EXERCISE OBJECTIVE ▸
Span requested from the data below: the line with "Cette journée est" through the line with "LOT: 42691033 VIN: 5NPD84LF0HH187630", both included. Give only these lines again, exactly, and leave every picture out.

GIVEN ENTRIES ▸
--- START ---

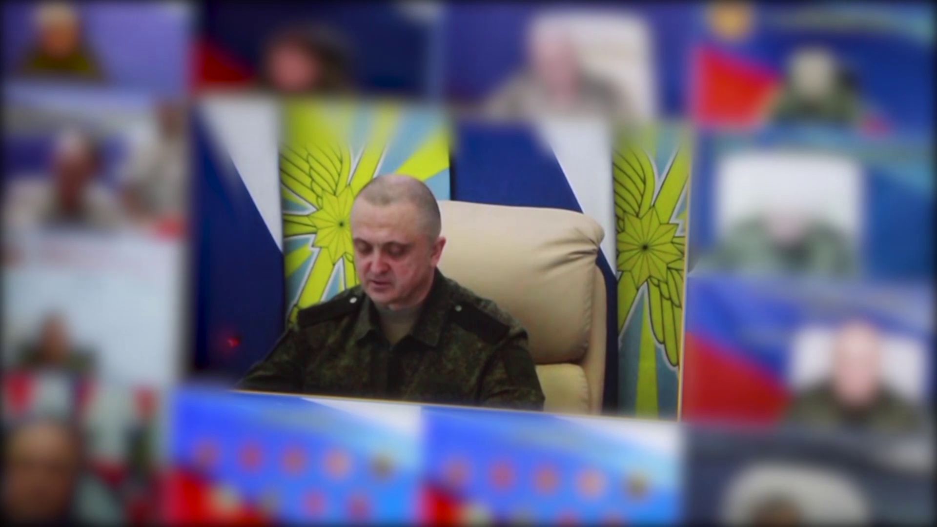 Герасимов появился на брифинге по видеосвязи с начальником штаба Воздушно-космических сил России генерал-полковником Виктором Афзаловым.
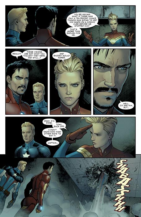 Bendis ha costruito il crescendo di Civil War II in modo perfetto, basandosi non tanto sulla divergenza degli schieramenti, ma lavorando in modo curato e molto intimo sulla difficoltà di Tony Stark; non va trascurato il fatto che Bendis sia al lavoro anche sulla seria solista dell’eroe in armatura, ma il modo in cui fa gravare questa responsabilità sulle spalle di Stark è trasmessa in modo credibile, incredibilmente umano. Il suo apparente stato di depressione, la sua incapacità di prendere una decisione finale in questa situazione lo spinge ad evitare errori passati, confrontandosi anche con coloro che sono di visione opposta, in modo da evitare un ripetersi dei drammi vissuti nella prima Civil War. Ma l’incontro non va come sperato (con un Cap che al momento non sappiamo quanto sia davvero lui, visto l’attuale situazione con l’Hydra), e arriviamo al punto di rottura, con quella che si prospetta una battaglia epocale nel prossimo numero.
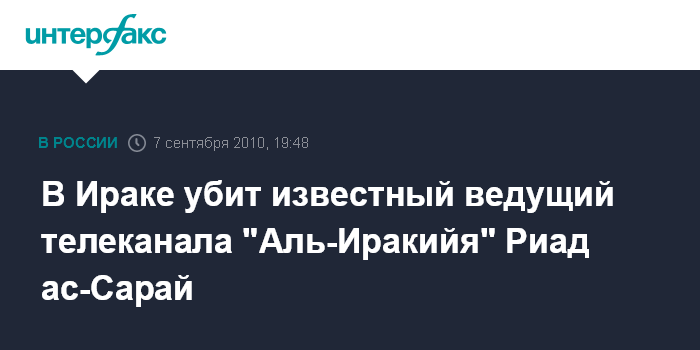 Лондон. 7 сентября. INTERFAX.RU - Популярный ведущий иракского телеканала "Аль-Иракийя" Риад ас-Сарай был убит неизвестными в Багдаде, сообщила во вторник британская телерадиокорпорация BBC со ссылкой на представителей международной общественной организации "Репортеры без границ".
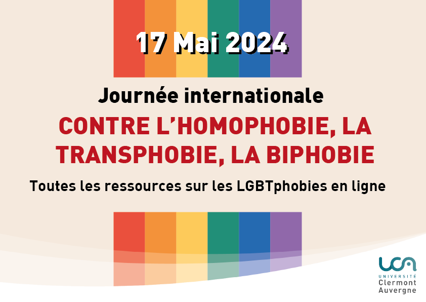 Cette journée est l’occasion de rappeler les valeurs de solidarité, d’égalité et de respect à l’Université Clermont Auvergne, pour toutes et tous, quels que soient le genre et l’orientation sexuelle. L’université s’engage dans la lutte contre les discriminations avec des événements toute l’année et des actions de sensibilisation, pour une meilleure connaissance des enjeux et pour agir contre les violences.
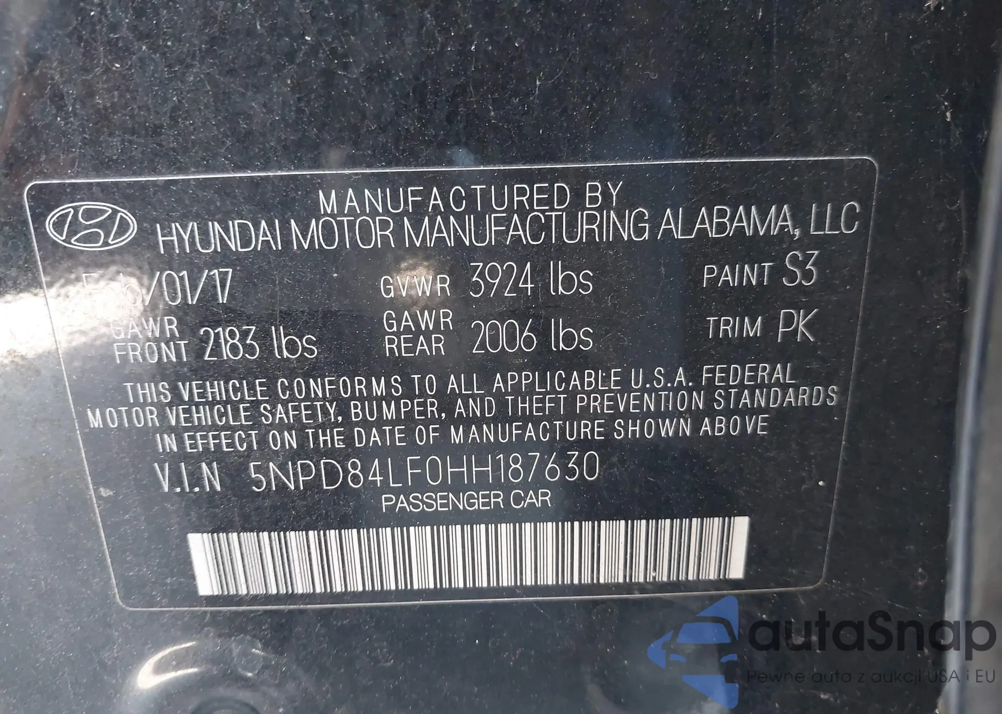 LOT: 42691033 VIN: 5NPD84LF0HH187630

--- END ---
--- START ---

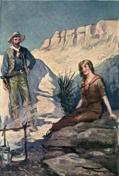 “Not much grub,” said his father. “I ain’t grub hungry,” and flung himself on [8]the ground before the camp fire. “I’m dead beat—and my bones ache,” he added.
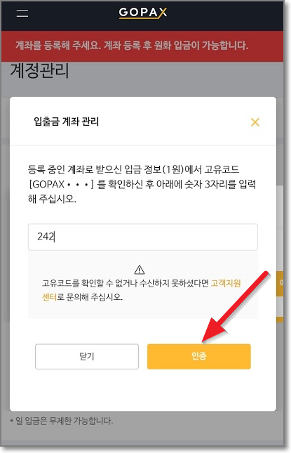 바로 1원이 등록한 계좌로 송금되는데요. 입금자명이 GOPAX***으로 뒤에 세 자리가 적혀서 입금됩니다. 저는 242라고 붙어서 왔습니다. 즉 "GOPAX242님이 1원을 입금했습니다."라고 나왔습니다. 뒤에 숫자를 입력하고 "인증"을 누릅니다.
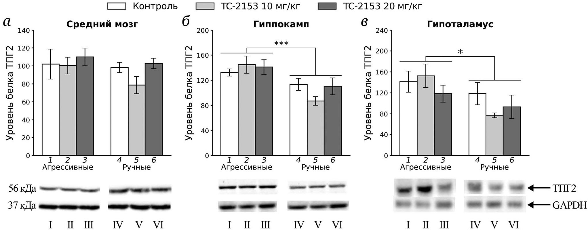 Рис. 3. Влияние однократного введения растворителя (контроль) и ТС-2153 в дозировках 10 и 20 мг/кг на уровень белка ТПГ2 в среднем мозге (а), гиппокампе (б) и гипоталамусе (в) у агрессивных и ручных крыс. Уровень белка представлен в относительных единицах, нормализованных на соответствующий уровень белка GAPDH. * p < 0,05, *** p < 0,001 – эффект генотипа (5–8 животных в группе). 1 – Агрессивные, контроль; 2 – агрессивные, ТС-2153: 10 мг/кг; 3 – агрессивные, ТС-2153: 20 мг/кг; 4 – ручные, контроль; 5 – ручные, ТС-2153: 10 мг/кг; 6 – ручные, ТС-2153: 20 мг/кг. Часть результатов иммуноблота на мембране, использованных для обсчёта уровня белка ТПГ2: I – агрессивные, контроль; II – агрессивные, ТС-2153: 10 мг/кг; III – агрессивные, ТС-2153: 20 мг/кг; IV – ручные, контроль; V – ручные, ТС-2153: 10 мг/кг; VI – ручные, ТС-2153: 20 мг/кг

--- END ---

ANSWER ▸
 Cette journée est l’occasion de rappeler les valeurs de solidarité, d’égalité et de respect à l’Université Clermont Auvergne, pour toutes et tous, quels que soient le genre et l’orientation sexuelle. L’université s’engage dans la lutte contre les discriminations avec des événements toute l’année et des actions de sensibilisation, pour une meilleure connaissance des enjeux et pour agir contre les violences.
 LOT: 42691033 VIN: 5NPD84LF0HH187630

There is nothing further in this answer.